In comparison to all of this, a processor running at 8MHz that could do full 32-bit operations (though, yes, the external bus was half that) and with 16 32-bit registers. and no segments...mind blowing!
It's not quite that cut and dry. The 80286 was actually significantly faster than the 68000 at what-at-the-time-was-considered typical code[1]. The 68000 had a much cleaner and forward-looking ISA of course, but it paid a cost for that 32 bit architecture in more elaborate microcode that the 286 didn't need to worry about.
[1] That is, things that fit in mostly-16-bit data sets. Once framebuffer manipulation became the dominant operation a few years later, that status would flip. Nonetheless if you were trying to compile your code, model your circuit or calculate your spreadsheet as fast as possible in 1984, you'd probably pick a PC/AT over a Mac (if you couldn't get time on a VAX).

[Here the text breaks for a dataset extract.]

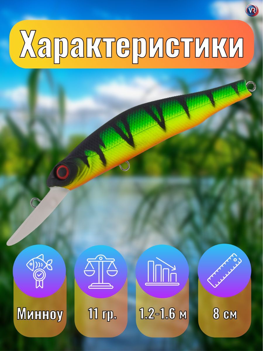 Средне-размерный минноу. Особенности дизайна: имеет две, разделенные боковой линией, рельефные фактуры поверхности. Верхняя часть выполнена в виде ромбовидных насечек , нижняя- в виде косых насечек, создающих эффект рыбьей чешуи. Головная часть воблера имитирует жаберные крышки рыбки. Крупные вклеенные 3D глаза завершают реалистичный дизайн приманки. WATSON DR 80 SP оснащен системой дальнего заброса и системой баланса, создающей тихое шумовое сопровождение при анимации . Воблер имеет два тройника Owner Cultiva соответствующего размера, силовую фурнитуру и заводные кольца. Качественное ЛКП, соответствующее современным стандартам. Заброс и анимация :WATSON DR 80 SP улетал при тестах к отметкам 32-35+ метров. Тесты на дальность проводились с удилищем длиной 7,8 фута быстрого строя , тест 7- 21 гр, катушка 3000 по линейке Шимано, шнур #1,2. Такая дальность заброса позволяет использовать WATSON DR 80 SP и как воблер-поисковик, способный за короткий период облавливать большие площади акватории, и как приманку для локальной ловли , требующей точного заброса. На равномерной проводке ярко выраженную собственную игру, активно раскачиваясь с боку на бок и виляя хвостовой частью. Эту его особенность обязательно нужно использовать при ловле хищника. При проводке стоп-энд-гоу на активной фазе роллингует и устойчиво зависает в паузе с заметными остаточными колебаниями в начале остановки . При рывковой анимации воблер в меру упористый и очень отзывчив на любую манипуляцию удилищем. На акцентированных коротких рывках воблер мощно роллингует, уходя в сторону от оси проводки, разворачивается до 90 градусов и зависает с сильными остаточными колебаниями в начальной фазе паузы. На более мягких рывках послушно исполняет глайды с роллингом и бликами. Основным целевым трофеем будет щука и крупный, трофейный окунь. При ловле над бровками с глубинами 3-4 метра и кормовыми поливами, расположенными недалеко от русла можно ожидать и поклевок судака. В прилове возможны голавль и жерех…

Yes. The 68000 was very nice to program for, but internally it was obviously from an earlier era/too far ahead of its time/a big pile of shit (delete as you see fit). You'll hunt far and wide for an instruction that takes less than 4 cycles, long instructions take more time again, variable-width shifts take 2 cycles per shift, a division can take 150 cycles, and with the effective address calculation timings on top things can really mount up. (See, e.g., http://oldwww.nvg.ntnu.no/amiga/MC680x0_Sections/mc68000timi...)
If you look at the cycle counts for 8086 instructions - see, e.g., http://zsmith.co/intel.html - they're much closer to the 68000 ones. Compared to the 68000, the 286 is just on another level.

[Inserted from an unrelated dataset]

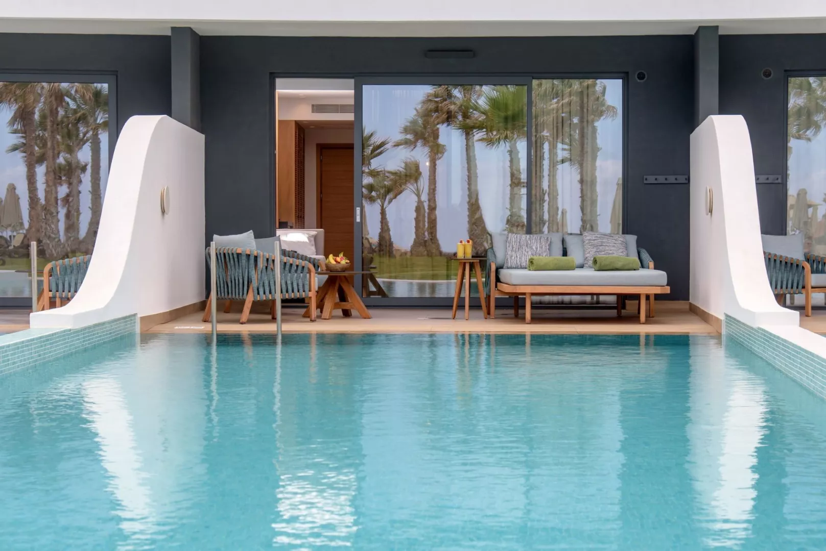 Dvojlôžkové izby, rozdelené do rôznych typov s rôznymi výhľadmi, sú vybavené kúpeľňou s WC, klimatizáciou, telefónom, satelitnou TV, minichladničkou, trezorom a setom na prípravu kávy a čaju. Rodinné izby majú dve oddelené spálne a sú prispôsobené pre väčšie rodiny. Najluxusnejšie izby, ako Junior Suita a suity s privátnym bazénom, ponúkajú výhľad na more a neobmedzený vstup do á la carte reštaurácií.

Another cost of the "more elaborate microcode" is that there was no way to resume or restart execution of the current instruction after a bus error exception. The 68010 fixed that by dumping internal state onto the stack. I wished that after 68010 was released that Motorola promoted the 68010 for new development and the original 68000 only for situations where the system software cannot be modified (since to fix the problem the exception stack frames had to be changed). Motorola had some patents describing how it worked: https://www.google.com/patents/US4493035
This is true, but the '10 wasn't released until the Mac was well into development (and the Lisa was nearing release). Motorola sort of missed the window there. And in any case no 68k Macs would ever end up making significant use of an MMU anyway. By the time that became possible the platform had moved on to 68020/30 parts.
Obviously all the Unix vendors jumped on the '10 instantly. The MK68000 itself was never dominant there.
Its amazing to me how the later Apple platinum color and aluminum make the original Mac look sickly green. I wonder if that was the intent of the platinum change.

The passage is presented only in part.